House Speaker Mike Johnson’s attempt to correct Pope Leo XIV on “just war doctrine” has turned into a theology fight with unusually sharp political stakes, after the lawmaker invoked a doctrine historically associated with St. Augustine against a pope who spent 12 years leading Augustine’s religious order.
Johnson told reporters Wednesday that the issue in the Middle East was “a very well-settled matter of Christian theology” and referred to “something called the just war doctrine” while responding to Pope Leo XIV’s condemnation of those who wage war.
The pope had previously said that Jesus “does not listen to the prayers of those who wage war,” a formulation the US Conference of Catholic Bishops later defended as consistent with Catholic teaching on war and peace.
NEW: Speaker Mike Johnson told reporters today that Pope Leo XIV doesn't understand “something called the just war doctrine.”

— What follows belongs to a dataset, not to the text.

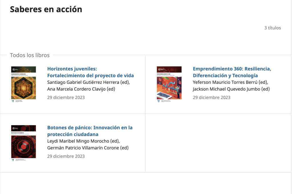 - “Horizontes juveniles: Fortalecimiento del proyecto de vida”, editado por Santiago Gabriel Gutiérrez Herrera y Ana Marcela Cordero Clavijo, una obra que reflexiona sobre la formación integral de los jóvenes y el acompañamiento educativo en la construcción de proyectos de vida.

— Christopher Hale (@ChristopherHale) April 16, 2026
Pope Leo is an Augustinian friar who spent twelve years leading Augustine’s religious order.
Augustine invented the doctrine. https://t.co/dMEjVtSx08
The irony landed because Pope Leo XIV is not a casual participant in Augustinian theology. Born Robert Francis Prevost, he entered the Order of St. Augustine in 1977, studied canon law at the Pontifical University of St. Thomas Aquinas in Rome, and served as Prior General of the Augustinian Order from 2001 to 2013.
Augustine of Hippo, the fourth- and fifth-century bishop whose writings shaped Western Christianity, is central to the Catholic just war tradition. Reuters noted this week that Augustine formulated principles requiring war to be defensive, aimed at restoring peace, and not rooted in cruelty, even as those principles are being invoked in arguments over the US-Israel war in Iran.
Vice President JD Vance, a Catholic convert, also challenged the pope’s framing of just war theory during a Turning Point USA event, drawing a direct response from Bishop James Massa, chairman of the USCCB’s Committee on Doctrine. Massa said a war can be just only as a defense against another party that is actively waging war, and only after efforts toward peace have been exhausted.
In the current fight, the bishops’ intervention effectively narrowed the space for politicians seeking to use the doctrine as broad religious cover for the Iran war.
Pope Leo XIV has not directly personalized the dispute with Johnson or Vance, but he has continued emphasizing peace during his Africa trip. AP reported that he called for unity and interfaith dialogue while referencing Augustine’s teachings, while Reuters reported that he remained publicly firm in opposing the Iran conflict after criticism from President Donald Trump.
Catholics made up roughly 21% of the US electorate in 2024, and the fight places Republican leaders in the unusual position of telling the head of the Catholic Church that he is mishandling one of Catholicism’s most consequential moral doctrines.
The tension with the Catholic Church intensified after Trump posted an AI-generated image on Truth Social showing himself in flowing robes, placing a glowing hand on a sick man in a biblical-style scene. The image also included patriotic and religious-adjacent symbolism, including an American flag and eagle.
READ: Jesus Punches Trump In Iranian Embassy’s Response To Religious AI Post
In a chance interview, Johnson said he told Trump that his post “isn’t being received the same way he intended,” to which the president allegedly agreed. He clarified that Trump did not see the post as sacrilegious.
Trump later deleted the image after backlash from religious conservatives, Catholic commentators, and media figures who called it blasphemous or inappropriate. Vice President JD Vance defended the post as a joke, saying Trump “likes to mix it up,” while Trump claimed he thought the image showed him as a doctor tied to the Red Cross.